Description
Set roughly twenty years after the events of its predecessor, the film opens with Karl Berger, Jr., son of the previous film's antagonist, using a machete to kill the sole survivor of a drug deal gone wrong. The film then switches to Hamburg reporter Paul Glas, who is meeting with an informant known as "Mr. X" to discuss a series of recent murders Glas believes are connected to the killing spree Karl, Sr. went on two decades ago. After showing Glas top secret photographs of several victims, Mr. X tells the reporter everything the authorities know about the murders.
Switching to two years ago, Karl, Jr. is shown being given a machete as a birthday present by his adoptive mother, a decrepit old woman and Karl, Sr.'s lover, who discovered and buried the original Karl's remains, and took in the son he gave birth to, intent on raising him to be the ultimate killing machine in order to avenge his father's death. Sent out to fulfill his destiny, Karl attacks a quintet of campers, killing two and taking the other three back home, where he mutilates and tortures them to death for the amusement of his mother, who drinks the victims' blood and allows her son to perform cunnilingus on her as a reward for his good work. Embarking on a homicidal rampage, and occasionally returning home to rest and be told perverted bedtime stories by his mother, Karl murders a pair of fishermen, a group of construction workers, a jogger, and a young couple. Karl's spree culminates in him breaking into a pornographic theatre, where he guns down the manager and over a dozen patrons. Upon returning home after this mass shooting, Karl discovers his mother has been decapitated, her severed head informing him "your father's back" before expiring.
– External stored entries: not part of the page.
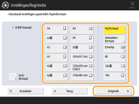 U kunt het papierformaat opgeven als <Vrij formaat>, zodat u de instelling voor het papierformaat niet meer hoeft in te voeren. Geef <Vrij formaat> op wanneer u papier van een onbekend formaat plaatst voor gebruik bij kopiëren of wanneer het papierformaat al geregistreerd is in het printerstuurprogramma.
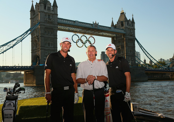 Kylfingarnir Sergio Garcia, frá Spáni og Bandaríkjamaðurinn Dustin Johnson vöktu athygli fólks á því að golf er keppnisgrein á Olympíuleikinum með því að vera úti á miðri Thamesá og slá golfboltum á fljótandi flöt.  Sergio Garcia vann keppnina milli þeirra tveggja en 3 af 5 boltum hans lentu á flötinni.
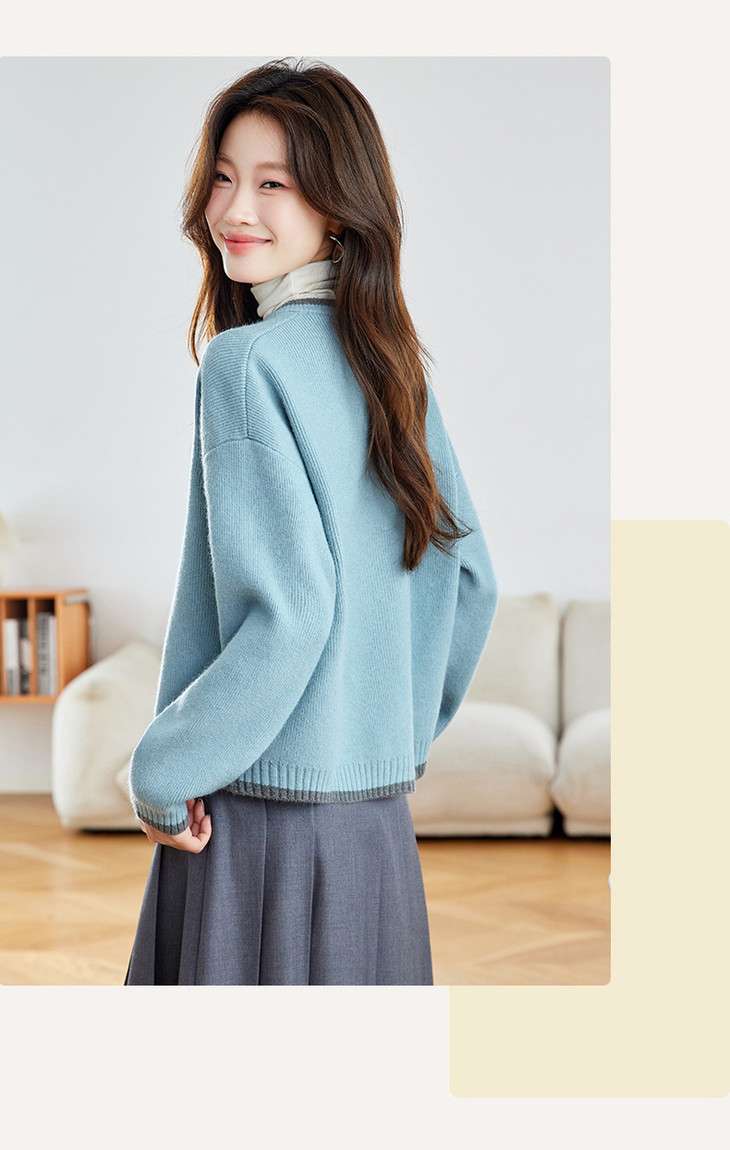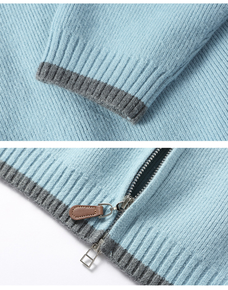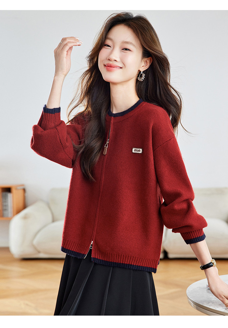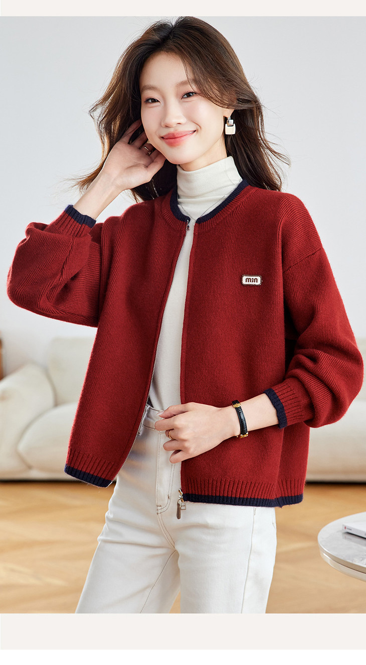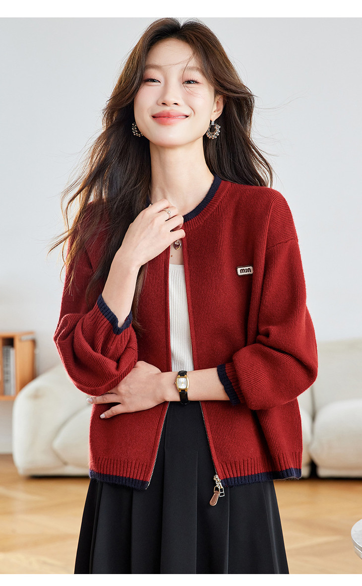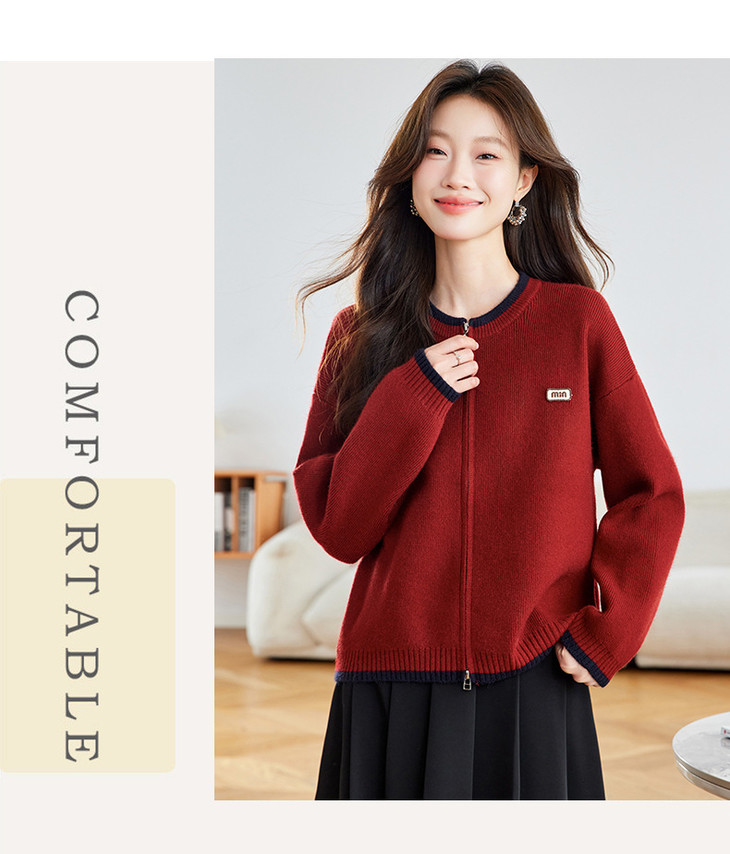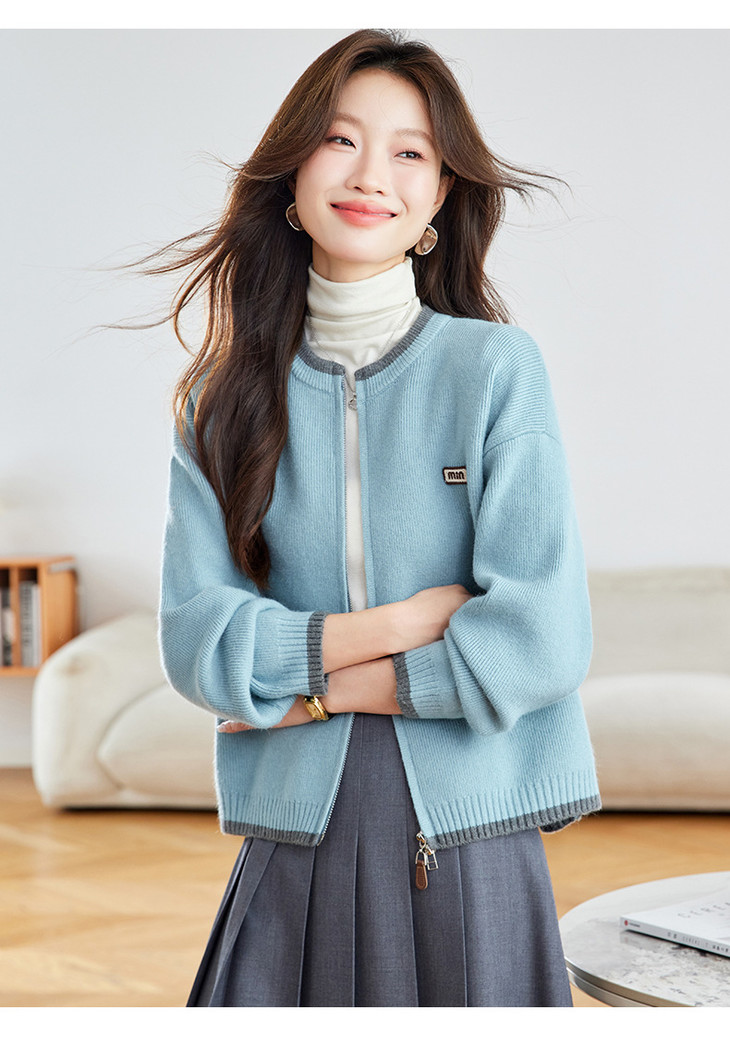 早秋双拉链短款针织开衫,宽松慵懒风毛衣外套拼色上衣CC-22-2713

In the present day, Mr. X tells Glas that the police eventually discovered the killer's cabin, which had an old woman's head and at least fifteen dismembered bodies in it. When asked by Glas if the man responsible was ever caught, Mr. X says no, and bids Glas goodbye, reminding him that he absolutely must not publish the pictures he had given him. Leaving shortly after Mr. X does, Glas rips up the photographs, deeming the story he has been told too twisted to tell the public.